A couple of months ago, I received a package with two books by photographers I’m embarrassed to say I wasn’t familiar with at all. The books are “Derby” and “Restraint and Desire” — both by Ken Graves and Eva Lipman and published this year by TBW Books. I was immediately struck with curiosity.
Another interesting element is that the books carry joint authorship. After digging a bit, I found out that Lipman and Graves worked together for more than three decades, sharing artistic credit for their images until Graves died at age 74 in 2016.
Neither “Derby” nor “Restraint and Desire” contain much in the way of words. And that’s just fine by me. As I’ve said here on multiple occasions, photography is a language in its own right. Often, I don’t pay much attention to the writing in photo books anyway. But this time, because I wasn’t familiar with Lipman and Graves’s work, I wanted to know a little bit more. So I reached out to Lipman, who graciously sent me some much appreciated and illuminating words about their work.
It turns out that Lipman and Graves began working together four years after they first met while seeing each other working individually. They were interested in many of the same things, so they often bumped into each other. Lipman says:
“In Art we were soul mates. We rejected the notion that photography had to be a solitary endeavor. Choosing to photograph as a single entity we shared artistic credit, blurring the lines of authorship. We were both teacher and student on a journey. Ken was the dreamer working from imagination, willing to sacrifice theme for a vision less subject driven. I remained faithful to the immediacy of events and people, searching for coherence and universals in the particular.”

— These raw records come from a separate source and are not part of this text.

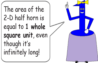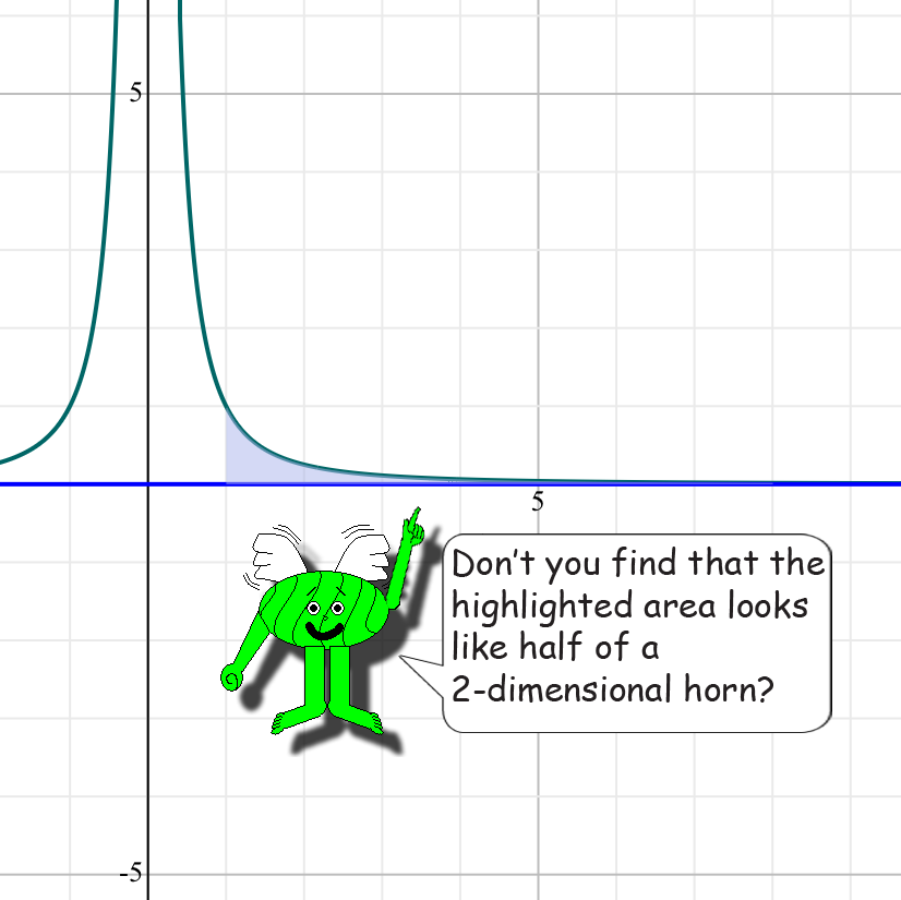 You may have heard of Gabriel's Horn, which is an imaginary horn of infinite length based on this special function: y = 1/x2. To calculate its volume, simply multiply the integral by pi(π). However, n = ∞ due to this imaginary horn being infinitely long! Its surface area is also infinite! In fact, this horn is too big to fit into the physical universe! Anyway, this Web page is about the 2-dimensional version of this imaginary horn. (Or at least half of it!)
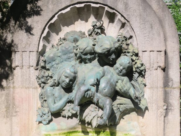 Enfant incontinent sur la fontaine des Innocents d’Emile Derré, dans le jardin Louise Michel à Montmartre,18e.
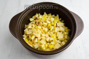 Айву вимити. Зрізати жорстку серцевину. Нарізати дрібним кубиком. Викласти в підготовлену айву в антипригарну посуд.
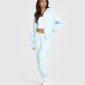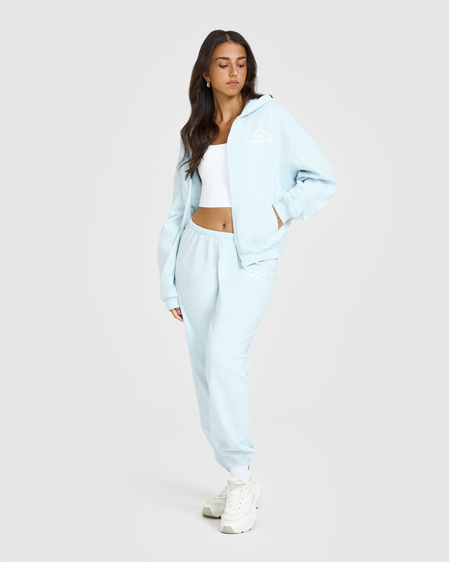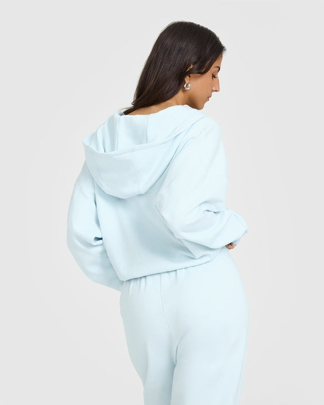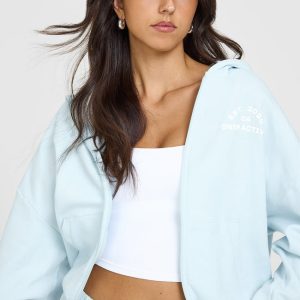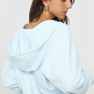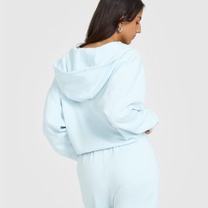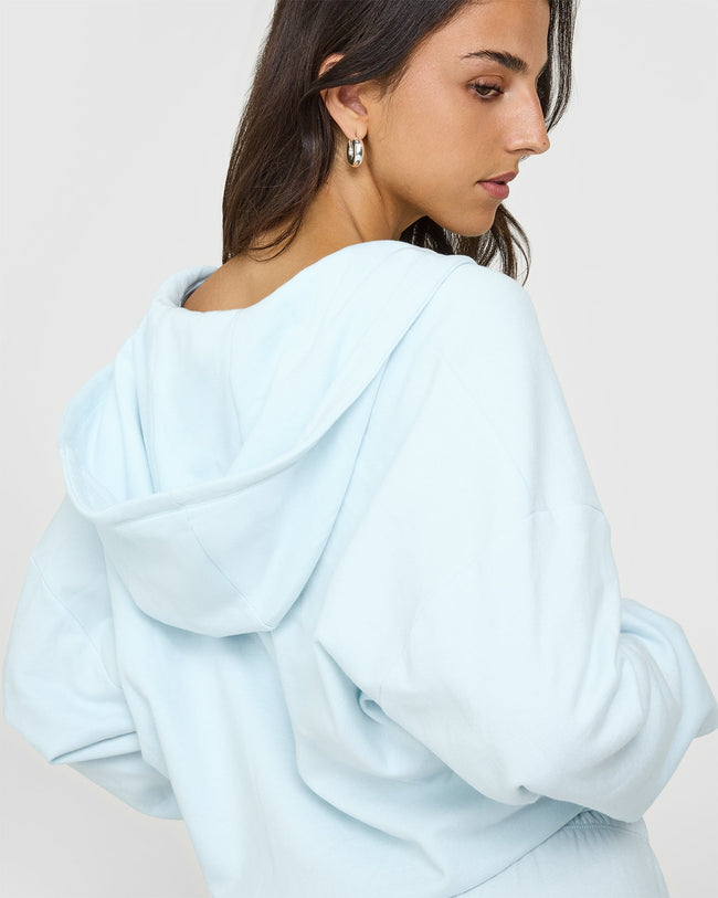 Lightweight Zip Through Hoodie with Graphic Cloud Blue
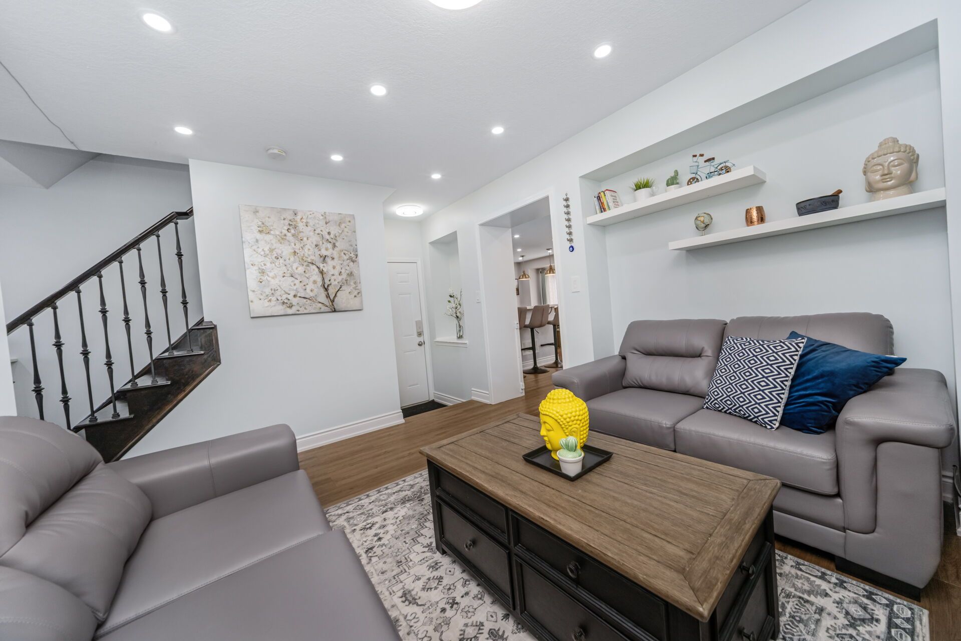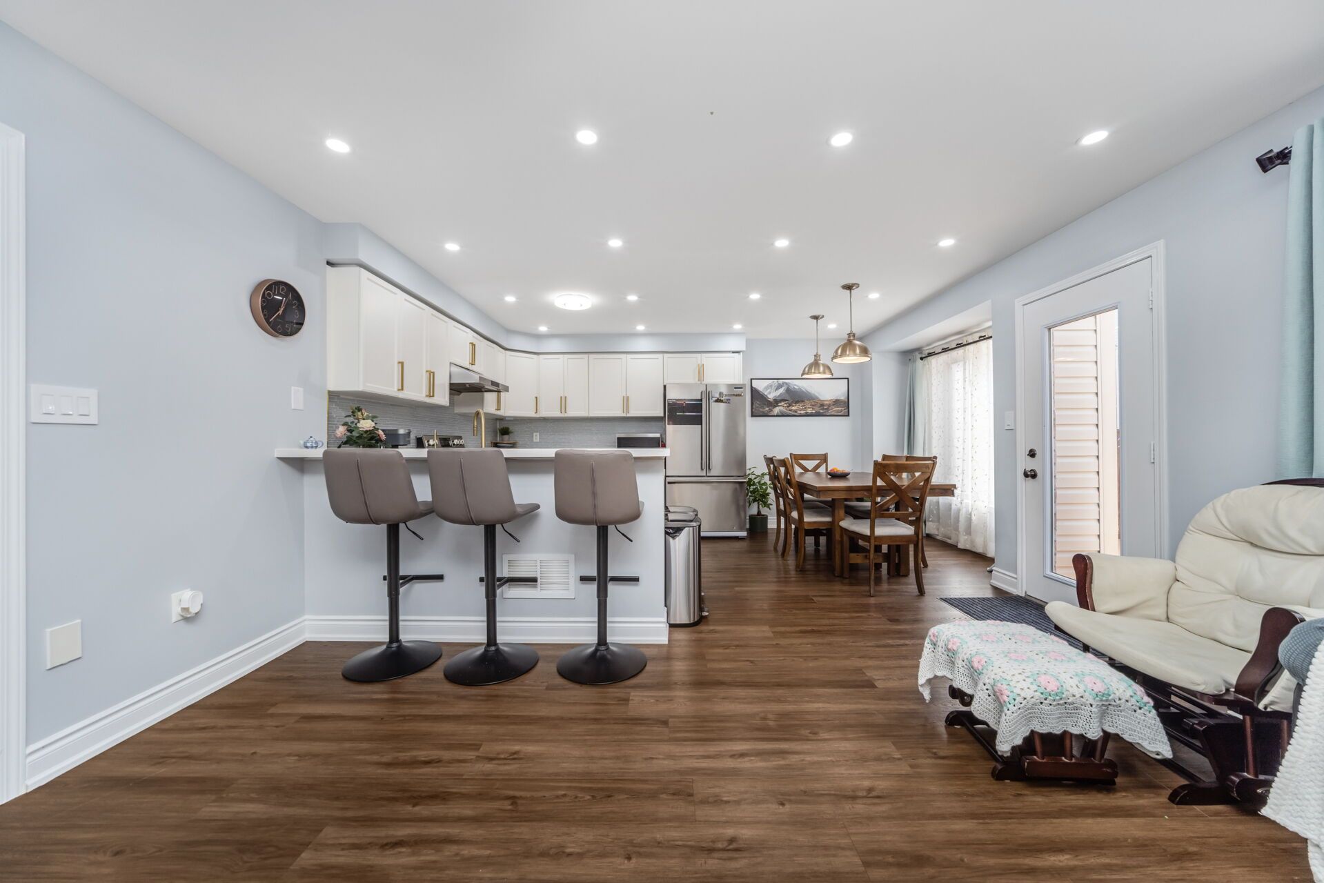 "exceptionally well maintained and custom upgraded house with a taste of luxury. Renovations of over $100k gave a complete make over for the entire home including 14 new premium appliances. Situated on a family friendly quiet circle in sought after hespeler area. Minutes away from 401 and steps away from green trails, schools and parks. Upper level boasts a large master bedroom with vast walk-in closet and a fully remodeled ensuite with heated floor. Two more spacious bedrooms with attached washroom and a laundry room on the same floor for your comfort. Main floor has a separate living room and a big family room with fully upgraded kitchen and a dining area. Basement is finished with a full washroom and a large entertainment area with lot of storage room. Big driveway with no side walk can accommodate 3 additional cars/suvs. A vibrant and peaceful backyard has freshly stained deck and fence featuring a stunning japanese maple tree. Perfect for families seeking comfort, style, and convenience. Just move in and call it a home. Refer feature sheet for the list of upgrades."

Both “Derby” and “Restraint and Desire” reflect the above personality traits as well as their seamless ability to work as joint authors.
Of the two books, I was initially drawn to “Derby,” probably because I’m from Midwestern stock, and it is a visual exploration of demolition derbies. On top of that, the photos are exquisite, as is the book’s production. Over and above the depiction of somewhat familiar scenes, there is a focus on rituals of masculinity that are fascinating to take in. While on the surface “Derby” is a book about demolition derbies, it’s so much more. It’s about how those rituals serve to reinforce our identities.
When I first looked at “Restraint and Desire,” I saw a book that was far more open-ended. Whereas “Derby” seemed to focus on one subject, “Restraint and Desire” floats through multiple subjects — high school dances, boxing matches, football games. But on second glance, it’s a continuation of Graves and Lipman’s interest in social rituals. Again, the subject is the vehicle to talk about something bigger. The more I look at “Restraint and Desire,” the more I like it.
There’s so much going on, all melded together through repeated gestures and rituals that say a lot about our humanness and impulses for the things we desire. Desire can be such a powerful thing, and yet sometimes we find ourselves holding it at bay.
No review can get to the bottom of what any work is about completely. And that’s the case here. There’s a richness of material in both “Derby” and “Restraint and Desire.” They are fertile grounds for multiple readings. Like onions, you can peel each one back to reveal more and more layers. What unites both of them is their examination of the rituals that make us human — feelings and traits ranging from lust and desire to compassion and vulnerability. Time and again, in picture after picture, you can pick up on these things, whether it is the look in the eye of a man draped over his car or the intimacy of touch, the gestures of hands.
“Derby” and “Restraint and Desire” are beautifully evocative books that showcase Graves and Lipman’s working relationship, not only with each other but to the resulting work. The following text comes from the publisher’s website about “Restraint and Desire,” but I think in a way it describes the photos in both books:
“With a profound visual sensitivity, Graves and Lipman collect human gestures that betray the complex interiority of their subjects. Hands often act here as the protagonist — grabbing, touching, reaching — entering and exiting the photographs like a visual metronome. Lust, fear, boredom, exhaustion and a myriad of feelings beyond the realm of language are all on display through the discerning glare of their camera and its flash.”